Further, in the case of a quartz base material, the heat melting temperature is inevitably high (1000 ° C. or higher), so that a metal coating with a high heat resistance is used, or an optical fiber as disclosed in Patent Document 3 is used. There is provided a coating agent composed of a borosiloxane resin, silicon dioxide, and an inorganic pigment that counteracts the drawbacks of the metal coating agent having a high initial transmission loss.
Japanese Patent No. 2660278 Japanese Utility Model Publication No. 4-40177 Utility Model Registration No. 2601718

  In the case of a multi-component glass material, it can be melted at a heating and melting temperature of less than 1000 ° C. without requiring a high temperature like a quartz glass material. However, since multi-component systems contain various oxide compounds, they are colored when the illuminance of the ultraviolet curing device is high, leading to a decrease in transmittance. In addition, in the two-layer coating, the integrated light amount of ultraviolet rays is doubled, and further, the transmittance decrease due to coloring is accelerated.

  In order to avoid such problems, if the illuminance of ultraviolet rays is set low, for example, the light arrival ratio near the interface between the light-shielding coating agent and the fiber preform decreases, and the coating agent is uncured or the outer periphery of the fiber There is a possibility that the covering power of the resin may be reduced.

  The present invention was made to solve such a problem, and the object of the present invention is to reduce the transmittance of the fiber while ensuring the physical properties of the coating agent and improving the adhesion to the outer peripheral surface of the glass fiber. It is an object of the present invention to provide a fiber manufacturing method and a fiber that can prevent a decrease in flexibility and toughness of a coated fiber.

In order to solve the above-described problems, a fiber according to the present invention is formed by drawing a preform with the preform drawn in a state where the preform is heated and melted in a heating furnace, and coating the outer peripheral surface of the fiber preform before coating. And applying a light-shielding coating agent having at least one of ultraviolet light and visible light to the outer peripheral surface of the fiber preform and infrared curing by infrared rays, and curing the light-shielding coating agent in a curing furnace. A light-shielding coating agent layer is formed, and the light-shielding coating agent is irradiated with the light energy prior to the infrared ray to be temporarily cured, and after the light energy irradiation, the infrared ray is irradiated to be completely cured. It is characterized in that the light-shielding coating agent is more transparent than when the infrared light is irradiated first and the light energy is irradiated later .

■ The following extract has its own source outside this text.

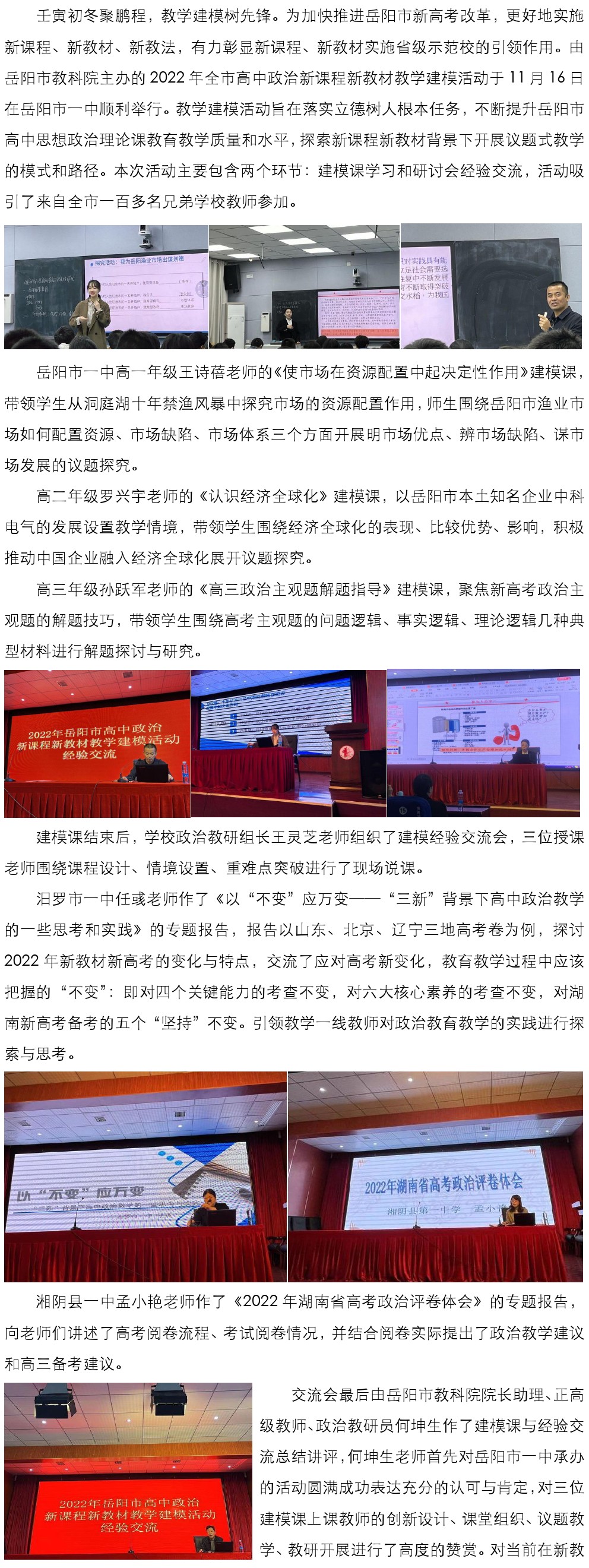 【高中政治】2022年岳阳市普通高中政治新教材教学建模活动

For this reason, the adhesive force between the fiber preform and the light-shielding coating agent layer can be improved by thermal curing with infrared rays while achieving rapid curing of the light-shielding coating agent with ultraviolet rays or visible light .

Preferably, the light-shielding coating agent layer has a plastic hardness Shore A75 or more, and an adhesion force of the light-shielding coating agent to the fiber preform after light energy curing and heat curing is 14 MPa or more .

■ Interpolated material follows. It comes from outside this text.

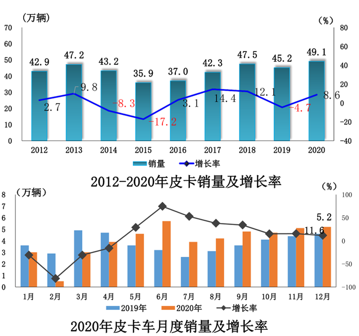2020年,皮卡車產銷分別完成49.2萬輛和49.1萬輛,同比分別增長8.0%和8.6%。分燃料情況看,2020年,汽油車產銷均完成12.3萬輛,同比分別下降5%和3.4%;柴油車產銷分別完成36.8萬輛和36.6萬輛,同比均增長13.0%。

For this reason, it is possible to ensure damage prevention by the force or impact from the outside of the fiber and the flexibility and toughness of the coated fiber .

Further, in order to solve the above-mentioned problems, a fiber according to the present invention is formed by drawing the base material in a state where the base material is heated and melted in a heating furnace, and forming an outer peripheral surface of the fiber base material. Pre-coat treatment, apply a light-shielding coating agent to the outer peripheral surface of the fiber preform, irradiate the light-shielding coating agent with light energy to primarily cure the light-shielding coating agent, and after the primary curing, infrared rays The light-shielding coating agent is irradiated to form a light-shielding coating agent layer by secondarily curing the light-shielding coating agent, and the infrared light is irradiated first and the light energy is irradiated later. The transparency of the light-shielding coating agent is increased .

For this reason, the adhesive force between the fiber preform and the light-shielding coating agent layer can be improved by thermal curing with infrared rays while achieving rapid curing of the light-shielding coating agent with light energy .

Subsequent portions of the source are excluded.